Monday, January 4, 2010, 17:50 EST Leave a comment Go to comments

Methicillin-resistant Staphylococcus aureusAntibiotic-resistant bacteria are a growing problem in the United States. Microevolution explains why: species adapt to environmental changes in order to survive, and when the species are microbes, one such adaptation involves developing resistance to pharmaceutical therapies. Drug advertising and first-dollar insurance coverage have combined to encourage patients to demand that their doctors “do something” when they are sick, and for chest congestion or a sore throat or a low-grade fever, the “something” they demand is often an antibiotic—even for infections that would successfully resolve without one. We all know people who get sick and call their doctor “to get a script,” never considering that it may not be necessary or even warranted. Many of us also know doctors who will write the prescription because they feel it will placate the patient and ultimately won’t do any harm.

Almost reflexively, I avoid the tendency to call the doctor for symptoms I know from experience are viral. I have also learned to recognize the signs of a bacterial infection (higher fever, white patches in the throat, greenish mucus). My attitude is that if I’m wrong, I’ll find out soon enough, and waiting an extra day or two before starting an antibiotic is not going to cause any long-term damage. (That doesn’t mean I don’t get myself to a doctor if I don’t get better in reasonable time or take antibiotics when I need them. I learned a valuable lesson from a college friend who refused to go to the infirmary for a vicious sore throat and fever that he insisted would go away on its own, which it did after about two misereable weeks. His body did indeed fight what turned out to be a strep infection, but not before it caused permanent kidney damage.) They key is to be prudent and reasonable, which is the happy medium between ignoring a problem and demanding instantaneous relief.

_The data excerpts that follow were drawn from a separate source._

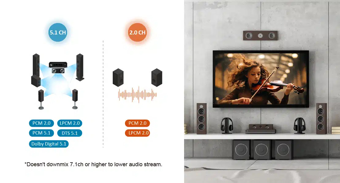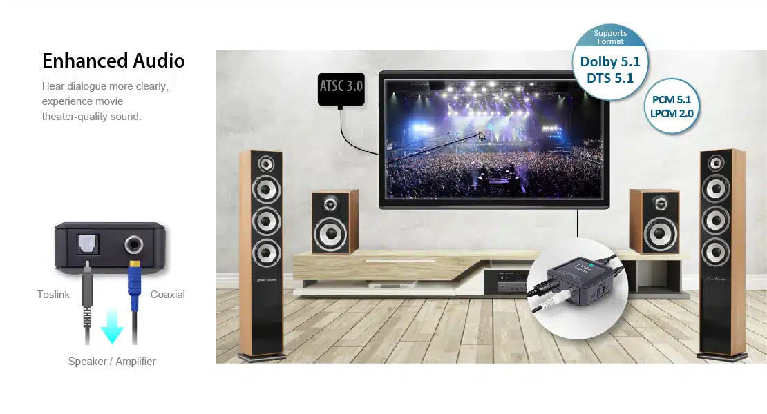 Many of today’s new televisions are smart TVs with built-in media streaming capability or lack of other audio outputs. This eDAC-200S HDMI audio converter is the simplest and budget friendly solution for sending audio from an ARC-enabled TV to an external audio system for 5.1 surrounding sounds.
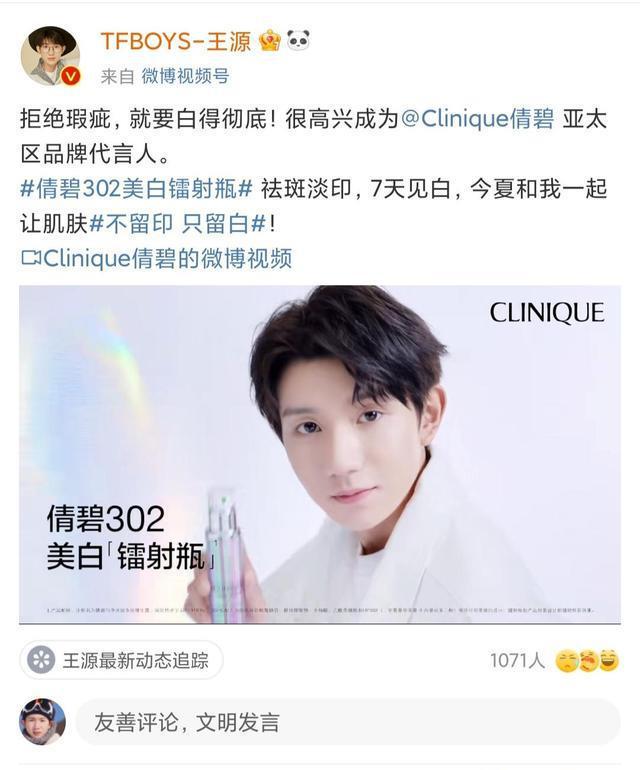 据悉,王源品牌代言人的身份还未官宣时,就有很多粉丝在倩碧线下专卖店看到了王源的海报。
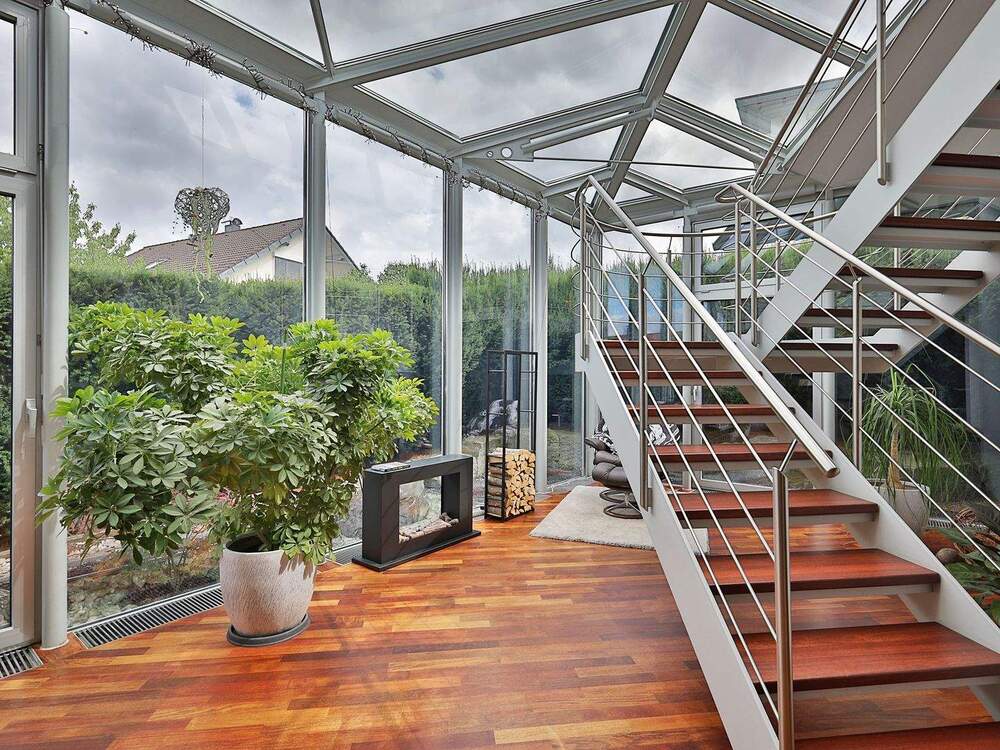 • Voll verglaster Bereich mit Zugang zum Elternbereich im Obergeschoss -
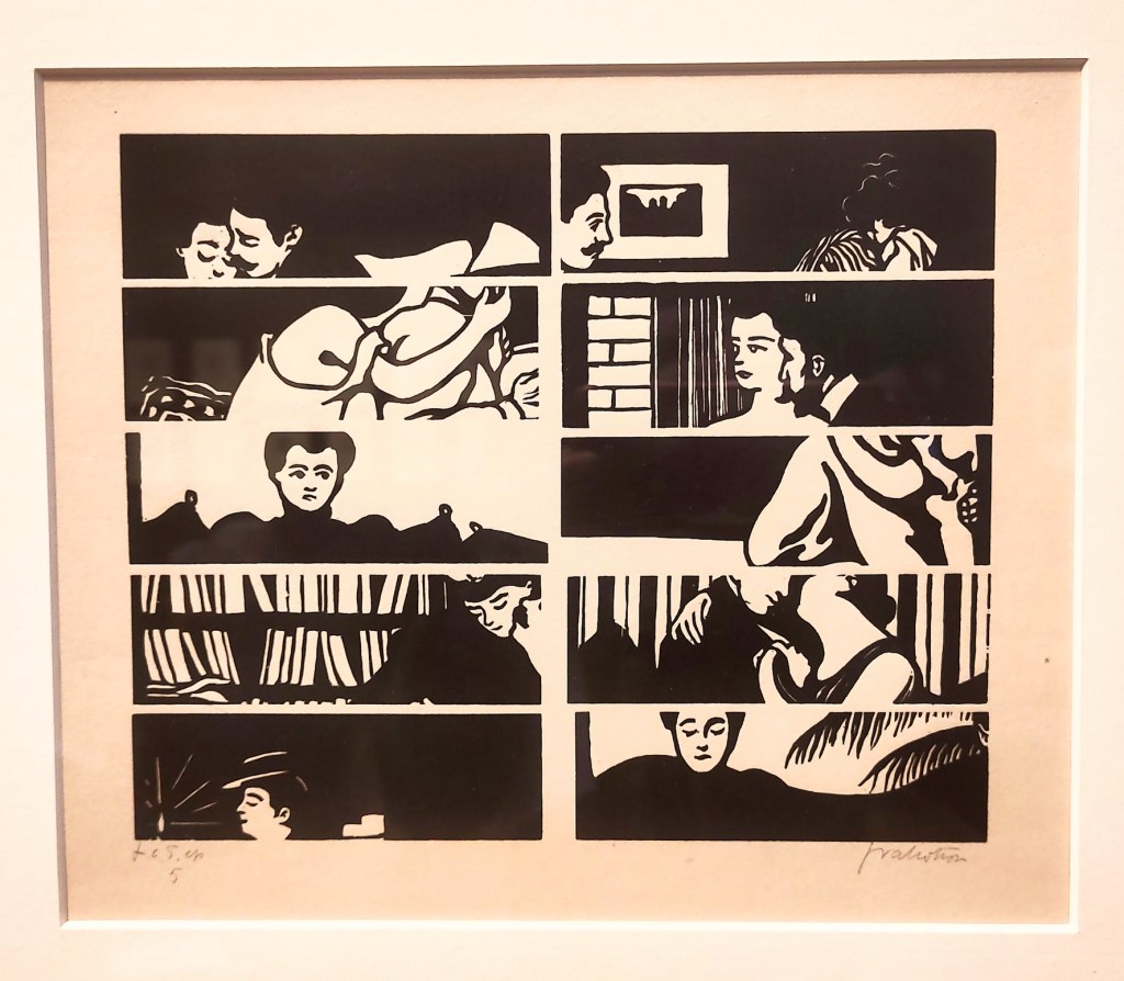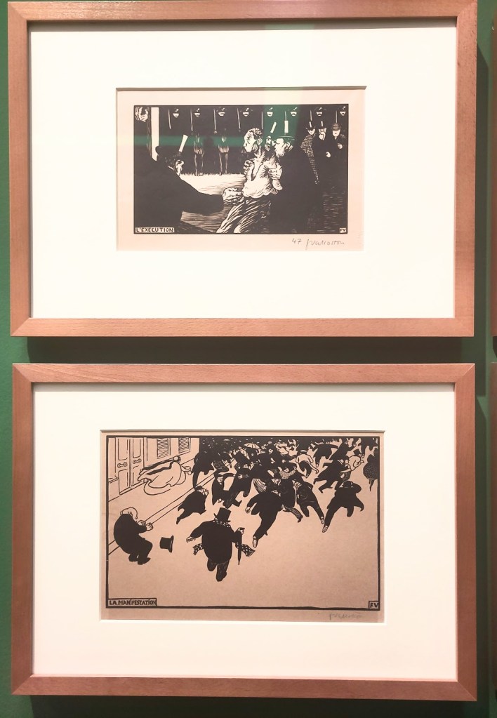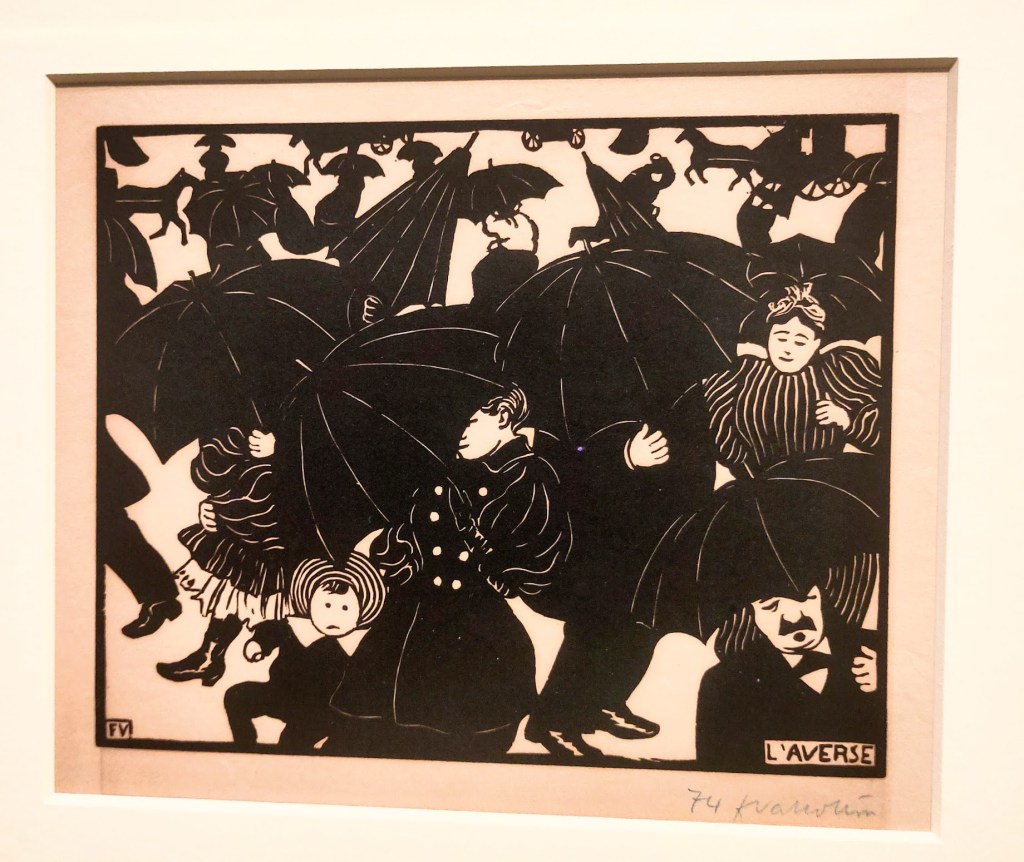 Période marquant l’intervalle entre héritage classique et désir de renouveau, la fin du XIXe semble caractéristique d’un génération d’artiste d’un « monde flottant« . Pour le parcours de Vallotton, la découverte de l’art japonais, relaté par plusieurs expositions à cette époque, semble importante. C’est là qu’il y rencontre la technique de la gravure sur bois. Peut-être est-ce aussi une influence pour ses fonds et ses vides? Il n’en est pas fait mention dans l’exposition.
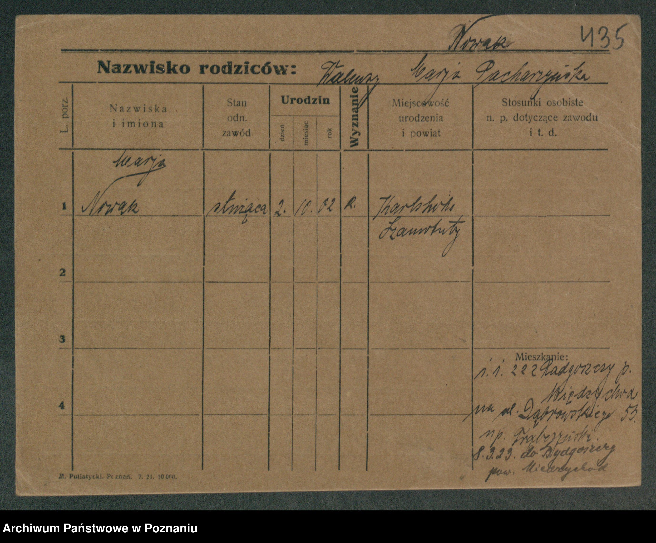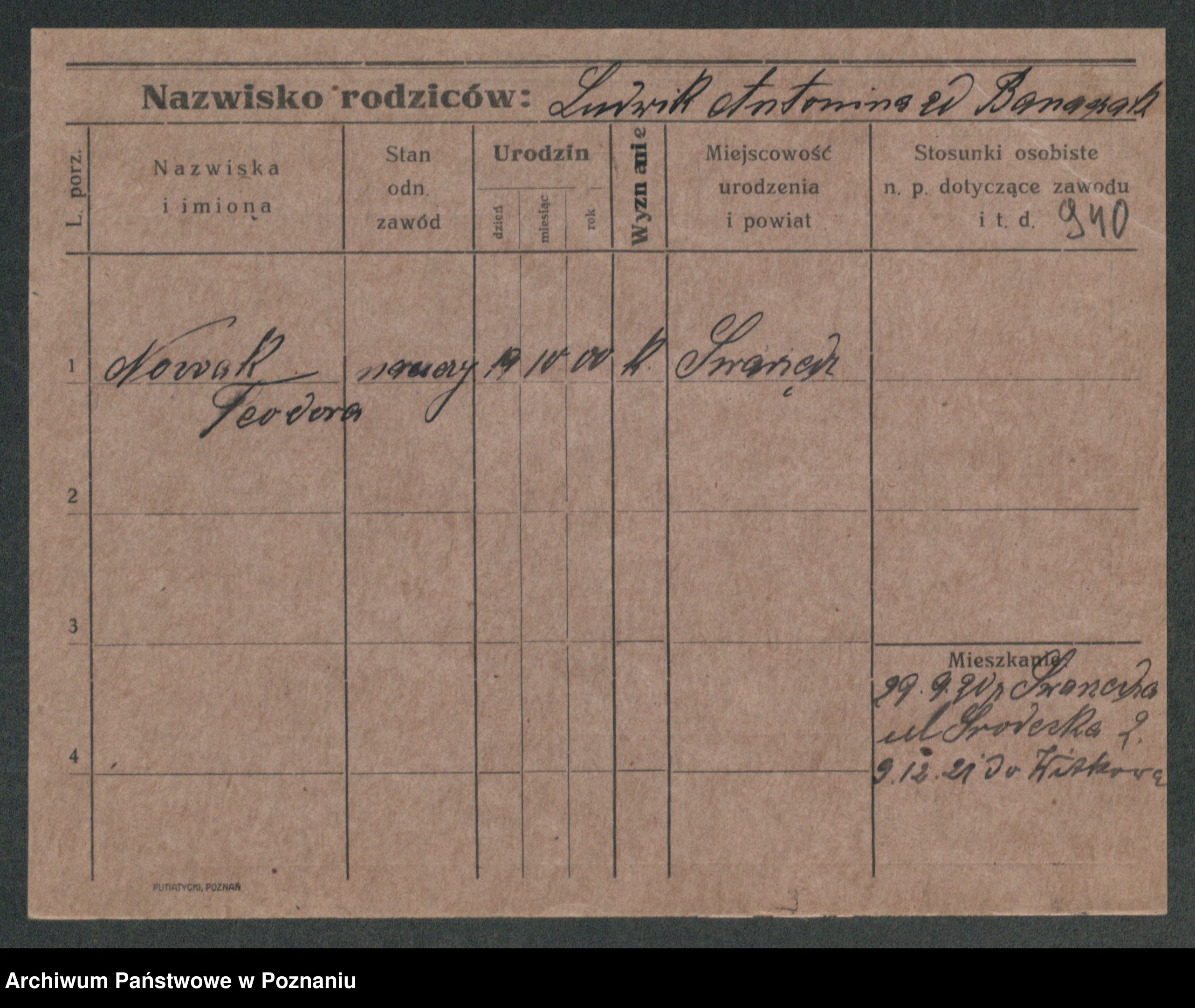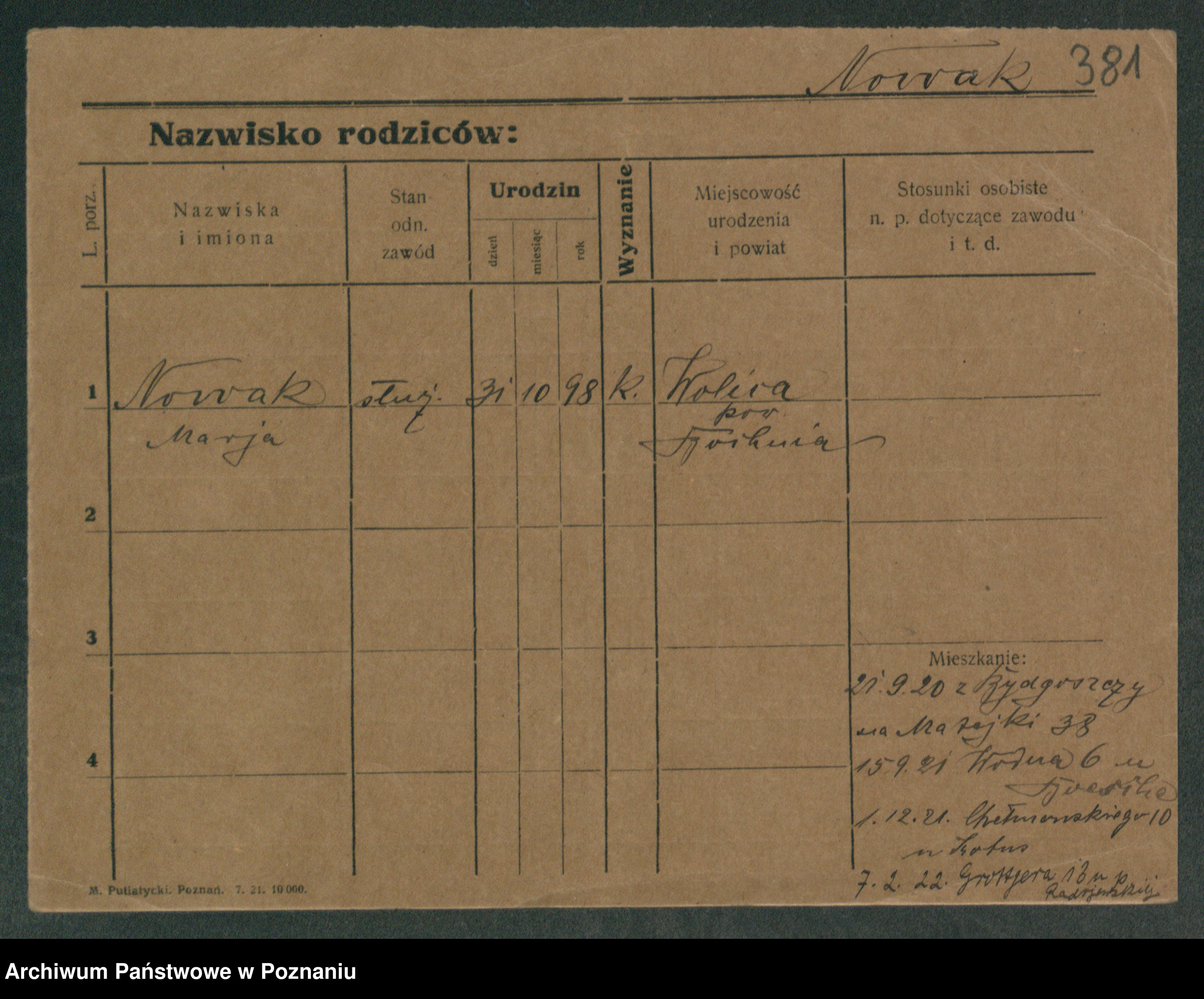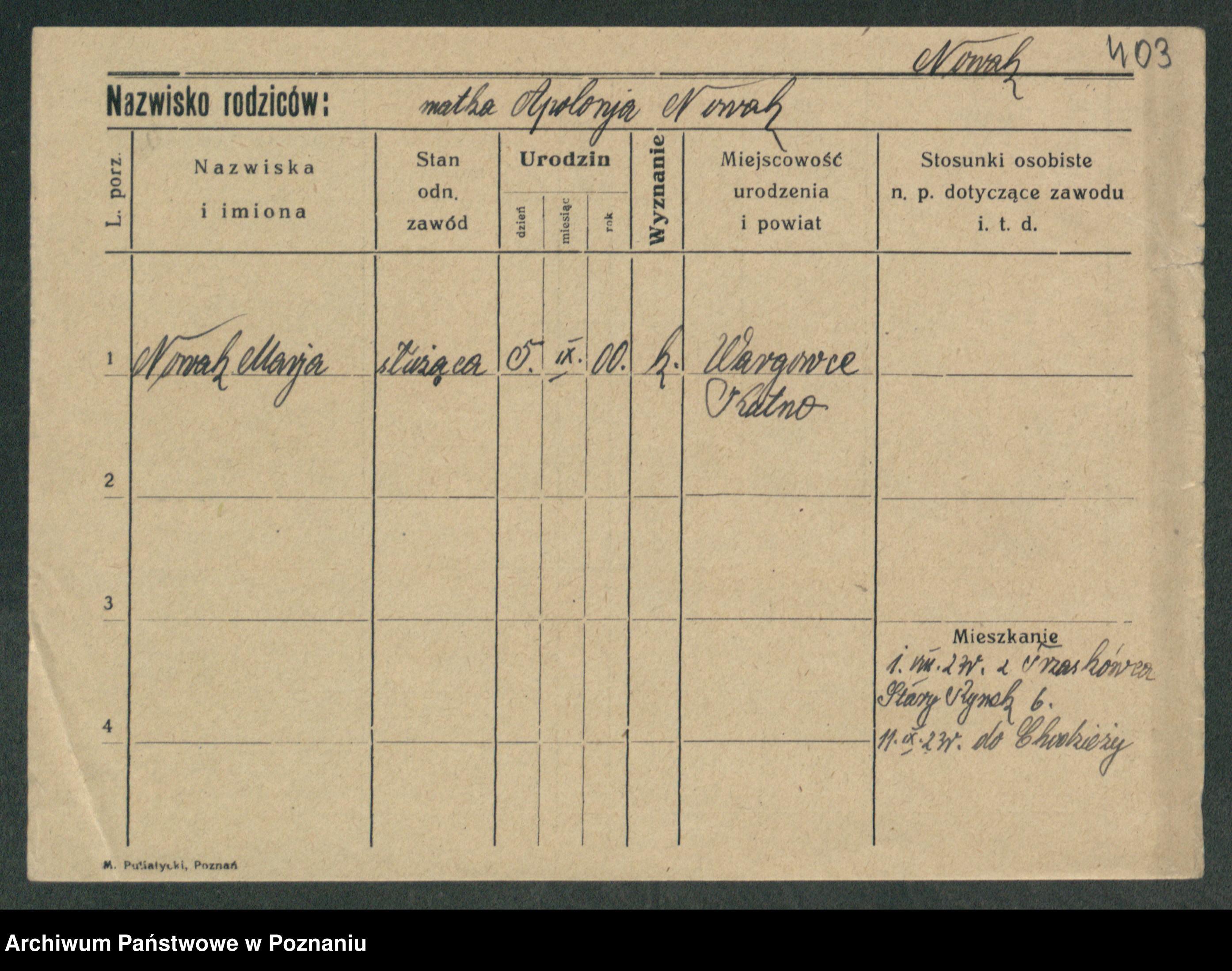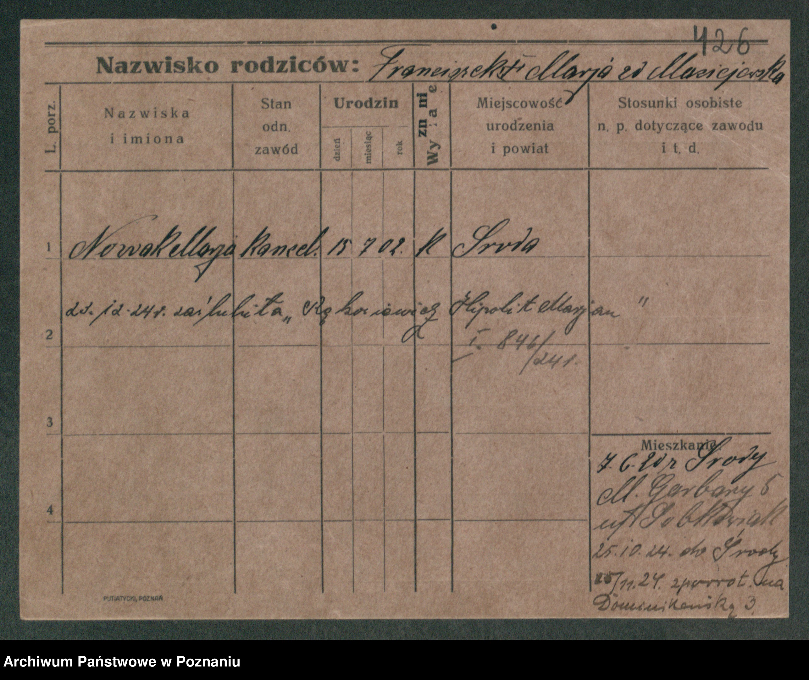 Podgląd karty osobowej dostępny jest po kliknięciu na nazwisko lub ikonkę karty. Można dokonywać powiększenia (ikony na górze) lub przechodzić między kolejnymi skanami (strzałki po bokach).

Who knew my common-sense approach was the stuff of medical genius? It turns out that medical officials in Norway have adopted just such a strategy on a massive scale to successfully combat at least one devastating Staphylococcus bacterium, the dreaded MRSA, and it’s a strategy that may hold the key to other tough infections as well.

Twenty-five years ago, Norwegians were also losing their lives to this bacteria. But Norway’s public health system fought back with an aggressive program that made it the most infection-free country in the world. A key part of that program was cutting back severely on the use of antibiotics.

Now a spate of new studies from around the world prove that Norway’s model can be replicated with extraordinary success, and public health experts are saying these deaths — 19,000 in the U.S. each year alone, more than from AIDS — are unnecessary.

[ . . . ]

The World Health Organization says antibiotic resistance is one of the leading public health threats on the planet. A six-month investigation by The Associated Press found overuse and misuse of medicines has led to mutations in once curable diseases like tuberculosis and malaria, making them harder and in some cases impossible to treat.